“The problem is part of the solution,” Richard Rohr tells us.
Jesus was fully at home with a tragic sense of life. He lived, died, and rose inside it. Jesus’ ability to find a higher order inside constant disorder is the very heart of his message—and why true Gospel, as rare as it might be, still heals and renews all that it touches.[i]
There’s something hopeful here, I think, in Rohr’s insight—especially in these days when we are so attuned to political and social unease, to the distress of recent natural disasters and human suffering moving almost as if in slow motion.
Moses finds himself before the bush because God is fully at home with a tragic sense of life. God has seen the misery of the people of another time.
Paul seems to have understood this in Romans. Evil, hatred, persecution are all a part of the familiar landscape of the early church in Rome and true religion. There is no denial of it—things are rough. But there is also engagement with it, a way out, even: “Bless those who persecute you… Weep with those who weep.”[ii] The one that caught me this time around was a little farther down Paul’s list: “if your enemies are hungry, feed them…”[iii]
I suspect one of the big mistakes we have made in the church is that we mistake permissiveness for goodness. We let abuse go unchecked because we are supposed to love. So churches sometimes get overrun by people who are looking for a place to exert power. In the small things, this leads to centers of church power that effectively shut out those who are most hungry for living out the gospel. They come to see that there is no room for them.
In the worst cases, it leads to all sorts of trauma and abuse, including the clergy abuse that all churches and particularly the Catholic church is still learning to face.
Of course, Jesus, who was, as Rohr says it, “fully at home with a tragic sense of life,” had no illusions about the church of his day, and the way power had deformed it. So we read in today’s gospel reading of Jesus preparing his followers for what was coming—that he would endure great suffering at the hands of the church and its leaders. The very ones who are called to point toward God and to support God’s Kingdom would be the ones to turn against him.

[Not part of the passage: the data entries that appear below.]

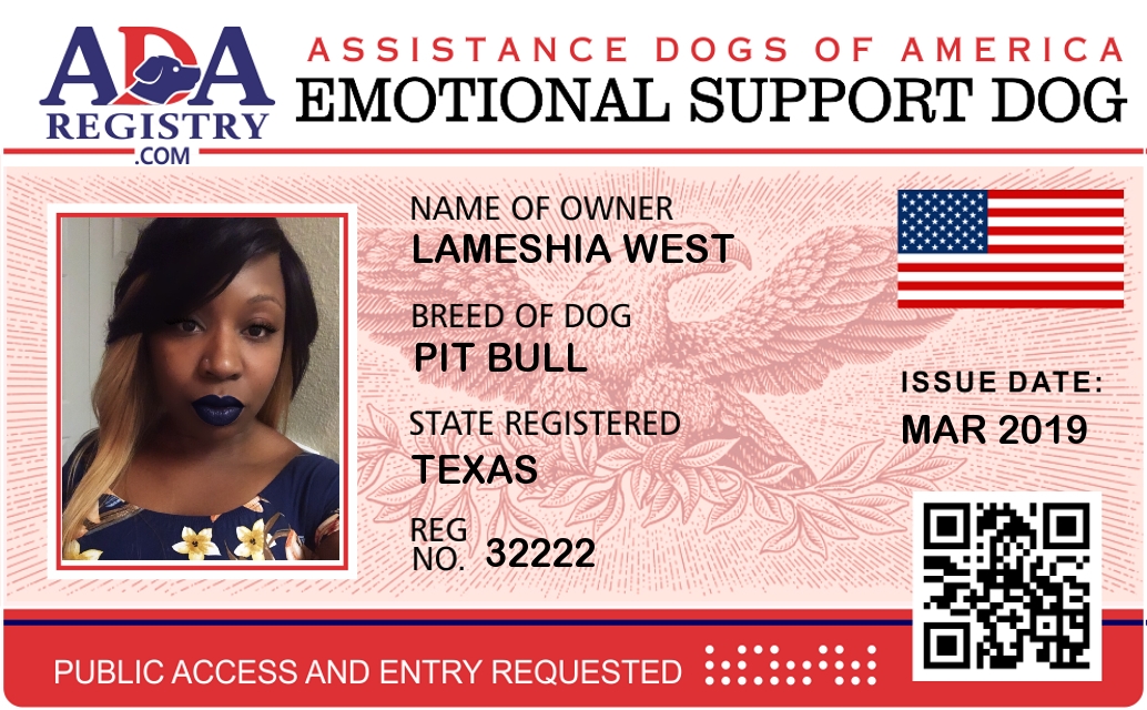 Emotional Support Dog Registration for Tank “Bam Bam” Hall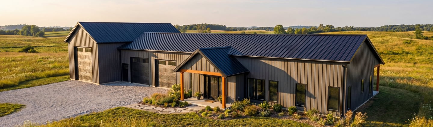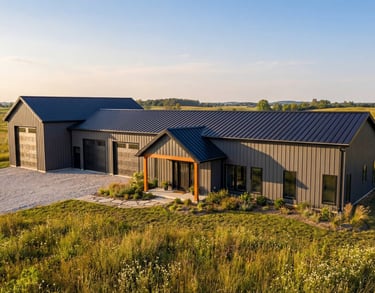 Custom post-frame and stud-frame barndominiums built turnkey — engineered, framed, and finished.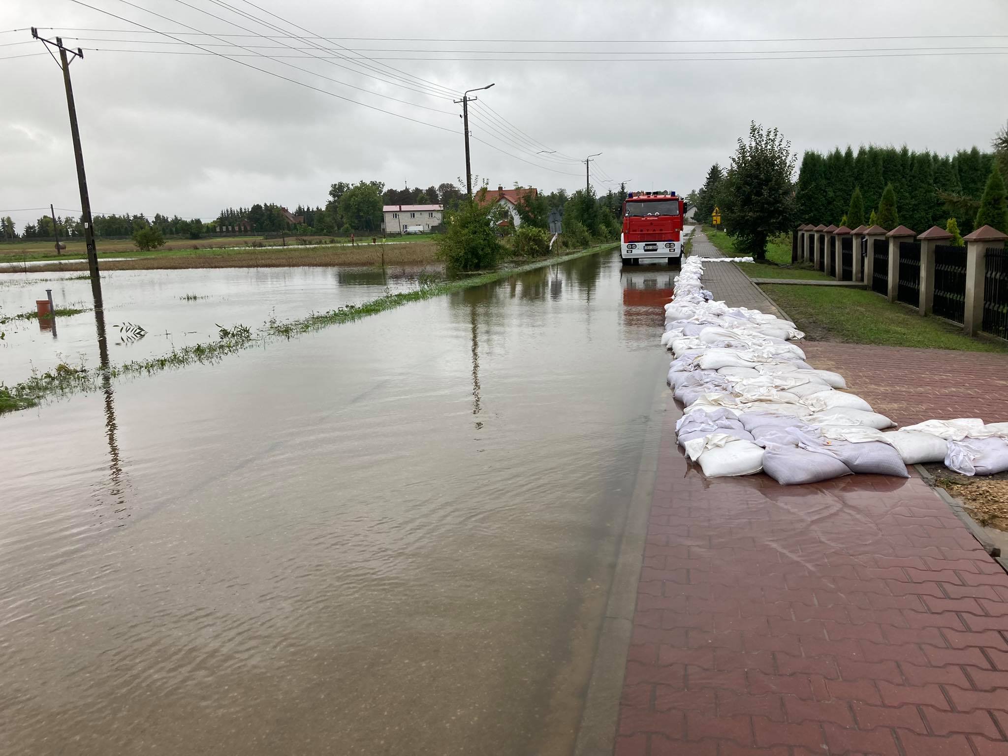 i pomieszczeń oraz zabezpieczeniu budynków przed zalaniem. W tym celu wykonywano specjalne opaski z worków wypełnionych piaskiem. Strażacy wspomagali także czynności mające na celu udrożnienie obiektów hydrotechnicznych, co ułatwiało ujście dużej ilości wody do cieków wodnych.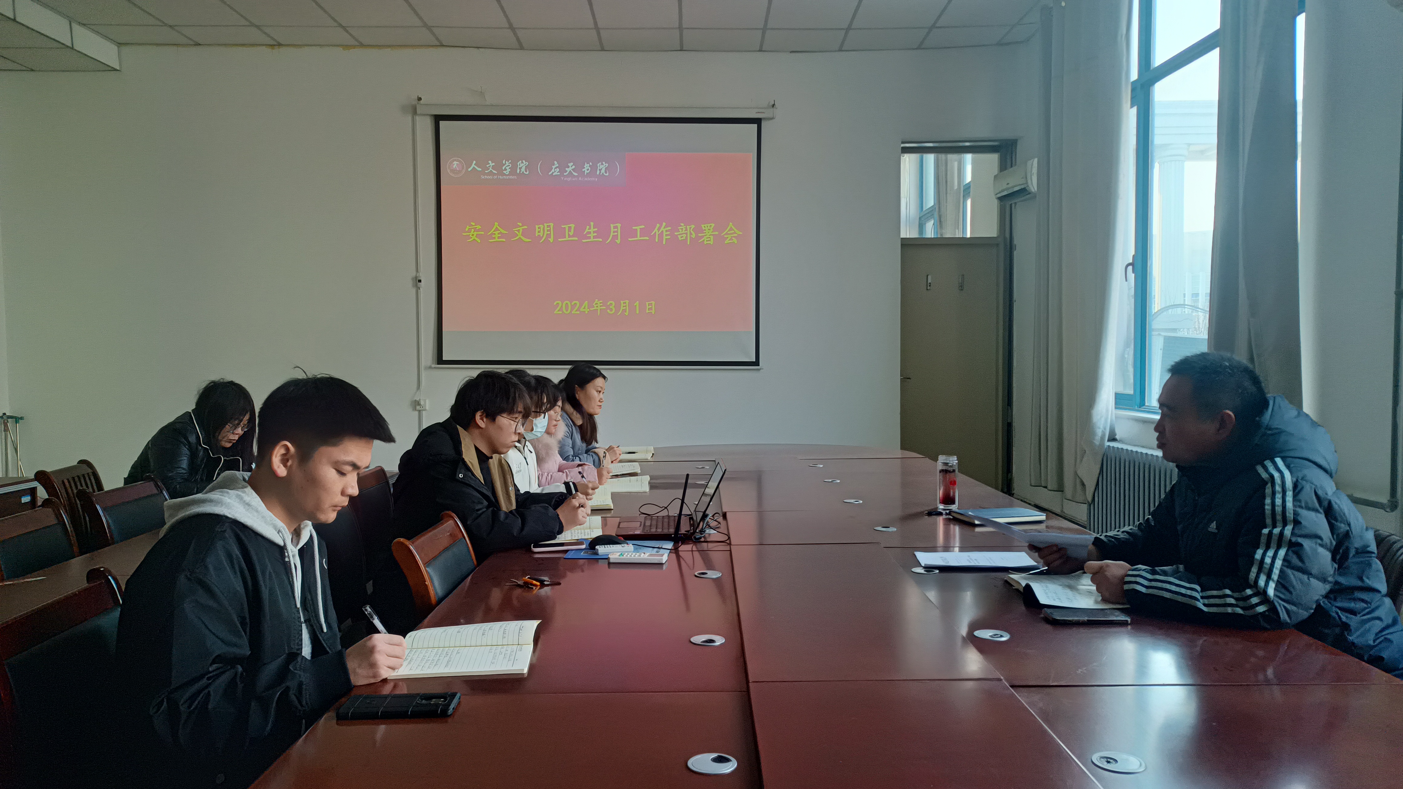 卢忠雷传达了学校《2024年“安全文明卫生月”活动实施方案》的通知和《买球官方网站2024年“安全文明卫生月“实施方案》,并对活动开展进行了具体安排部署。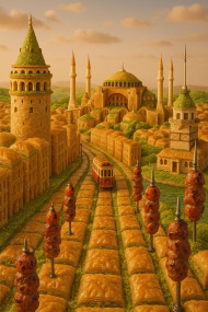 istanbul baklava kebabs miniature city skyline buildings monuments streets edible creative turkish food savory sweet sculpture crafted gourmet architecture urban iconic cultural landmark detail artistic cuisine traditional imaginative historic grilled heritage flavor touristImagine Buddy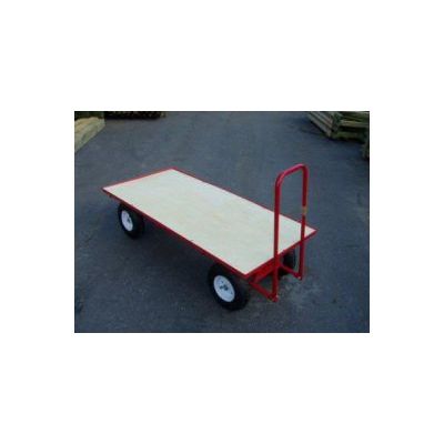 A multi purpose four wheel trolley with plywood top.Pneumatic wheels with turn table front wheel axle.300kg load capacity. 1.6mL x 0.75m W x 0.44m H.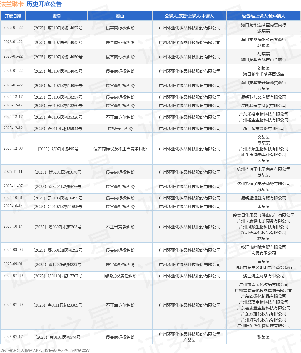 案号:(2025)浙0110民初25944号根据统计,近一年内以广州环亚化妆品科技股份有限公司为当事人的历史开庭公告有72则,其中案由为“侵害商标权纠纷”的公告以46则居首,其次为“不正当竞争纠纷”有19则,“劳动争议”有2则。历史开庭公告(前20条)如下: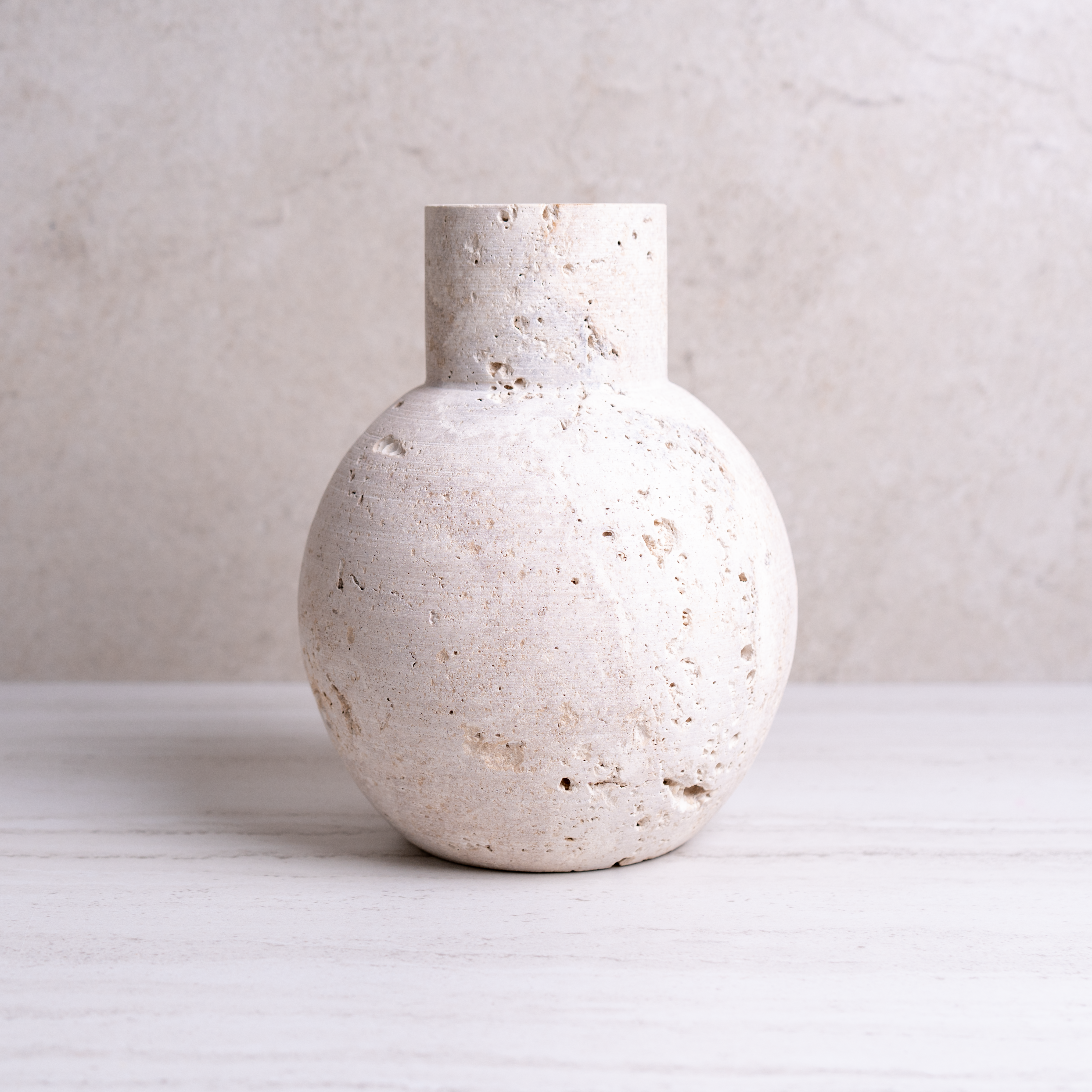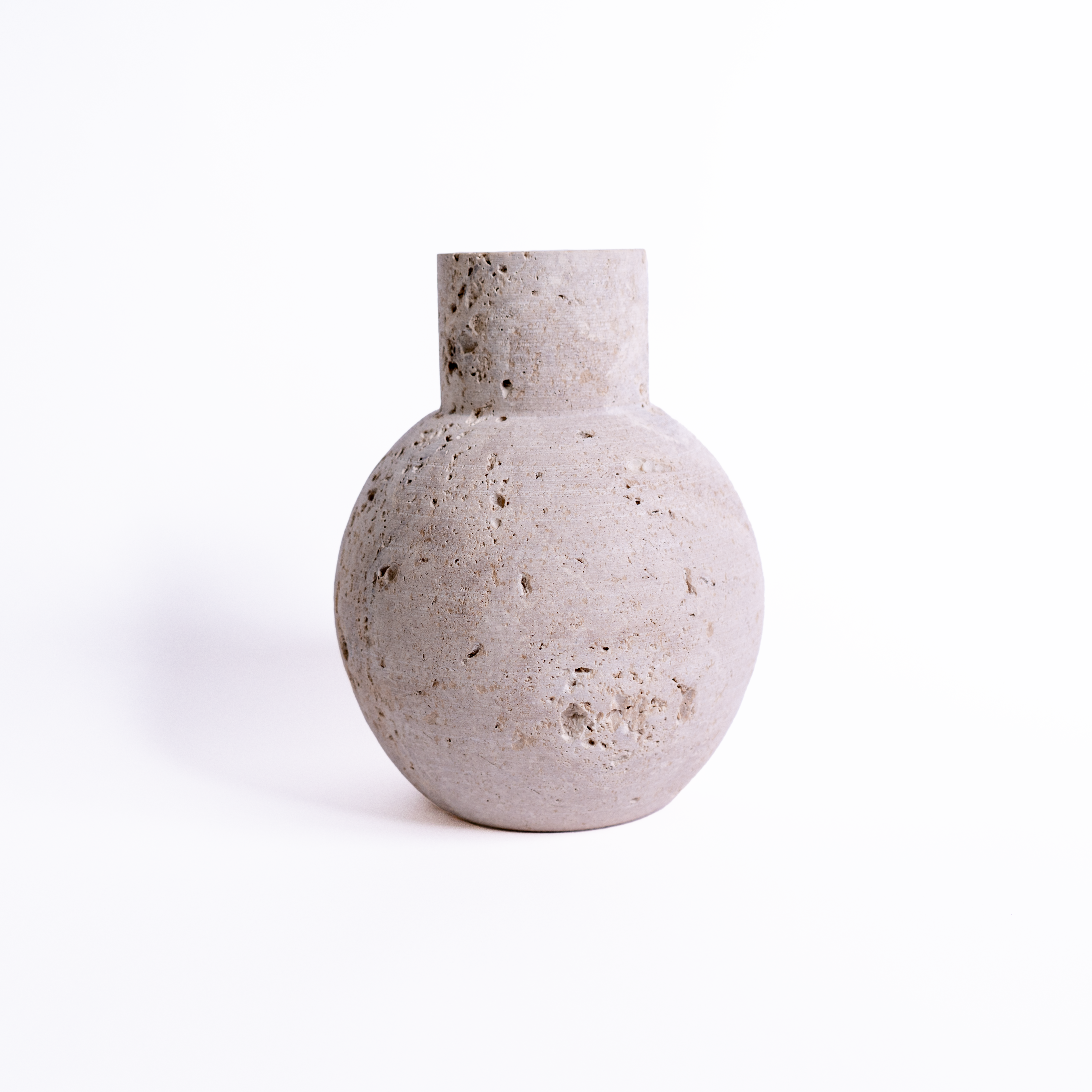 The Vestra vase is where form meets function. Handcrafted from solid travertine stone, its design pays homage to modern brutalist aesthetics while maintaining minimalist grace. The raw textures and subtle tonal variations of travertine make each piece unique. Perfect for showcasing dried arrangements or as a standalone sculpture, Vestra is a statement of timeless elegance and a grounding presence in any interior.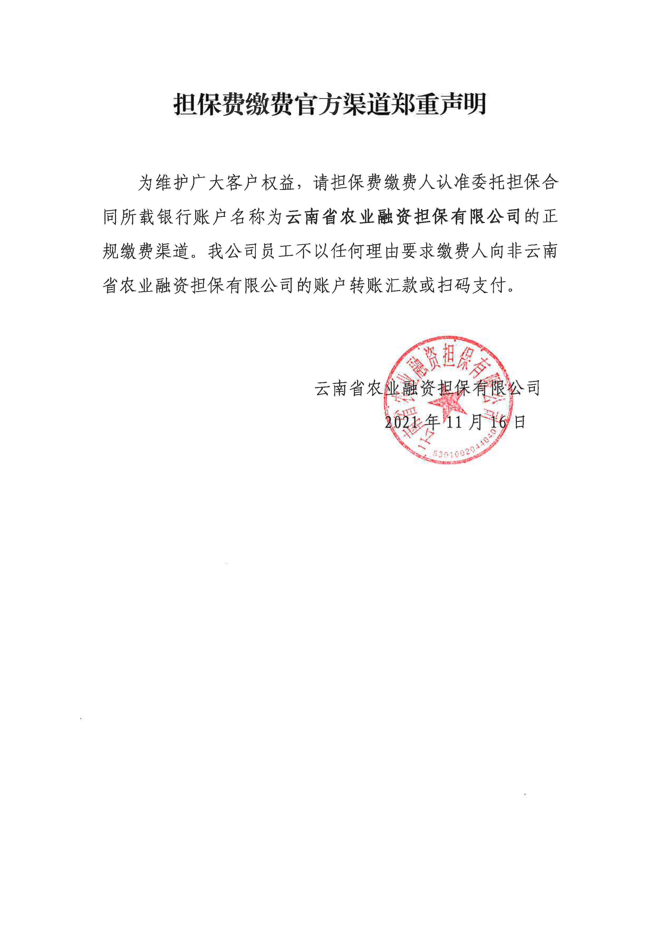 云南省农担公司担保费缴费官方渠道郑重声明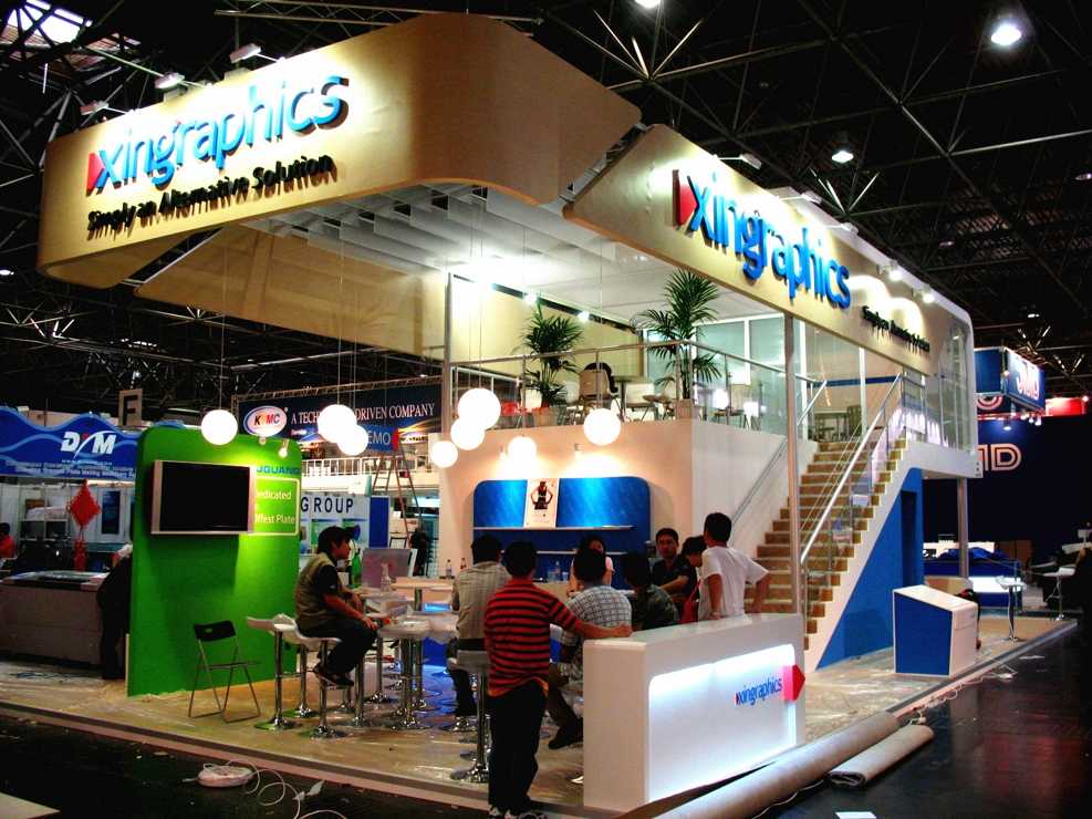 整個展臺的設計非常國際化,讓我國的企業(yè)在眾多國際化公司中突出自身特點。本案的設計將展示區(qū)域設計為雙層結構,在展區(qū)的一側裝置簡易咨詢服務臺,簡約的設計讓人眼前一亮。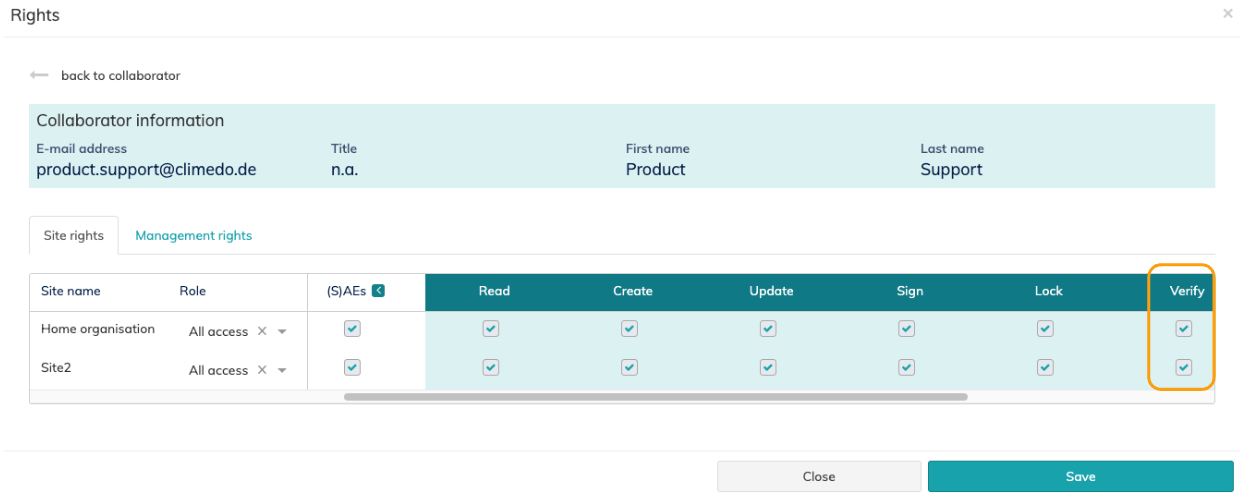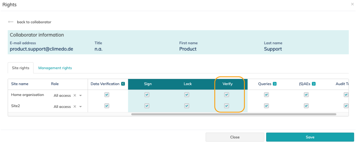 The right to setup the SDV feature is covered within the management right to update input forms & fields. The right to verify input field data, however, needs to be configured separately in the site rights of the collaborator in the study settings step 2.

I suppose that’s why the story of Al Letson caught my attention this week. Letson, who hosts the NPR program Reveal, an investigative news program, made news recently himself—something journalists are taught never to do. He was in Berkeley covering the “Rally Against Hate” last Sunday when he witnessed a man being attacked by a group of protesters. The man was balled up on the ground, fending off blows. Letson jumped in front of the mob and lay on the man, creating a shield to protect him from the abuse.
“I was scared they were going to kill him, Letson said. “So the only thing I could think was I wanted to get on top of him to protect him.”[iv] What is perhaps most remarkable about the story is that the man who was being beaten was a white supremacist and had likely taunted his abusers. And Letson is African American.
Bless those who persecute you…if your enemies are hungry, feed them; if they are thirsty, give them something to drink.
In an interview after the event, Letson recalled what shaped him. “You know, I mean this sounds really high-minded and maybe a little nutty,” he said,
but I am a huge NPR nerd, and many years ago I was listening to Terry Gross and father Greg Boyle was on there, and he gave this quote that has just stuck with me ever since. He said, "I want to live like the truth is true, and go where love has not been found." And it's how I want to govern myself in the world.
Let me repeat Boyle’s quote: I want to live like the truth is true, and go where love has not been found.
"21“Do not be overcome by evil,” Paul says in Romans, “but overcome evil with good.”
And Jesus tells his followers, “those who want to save their life will lose it, and those who lose their life for my sake will find it.”
We have no way to know how Letson’s selfless act will affect this white supremacist, but the man, who is Keith Campbell, a video blogger with a conservative YouTube channel called Patriot Warrior Media, reached out to Letson after the attack.
“I wanted to reach out to Al,” he said. “It’s incredible what he did.”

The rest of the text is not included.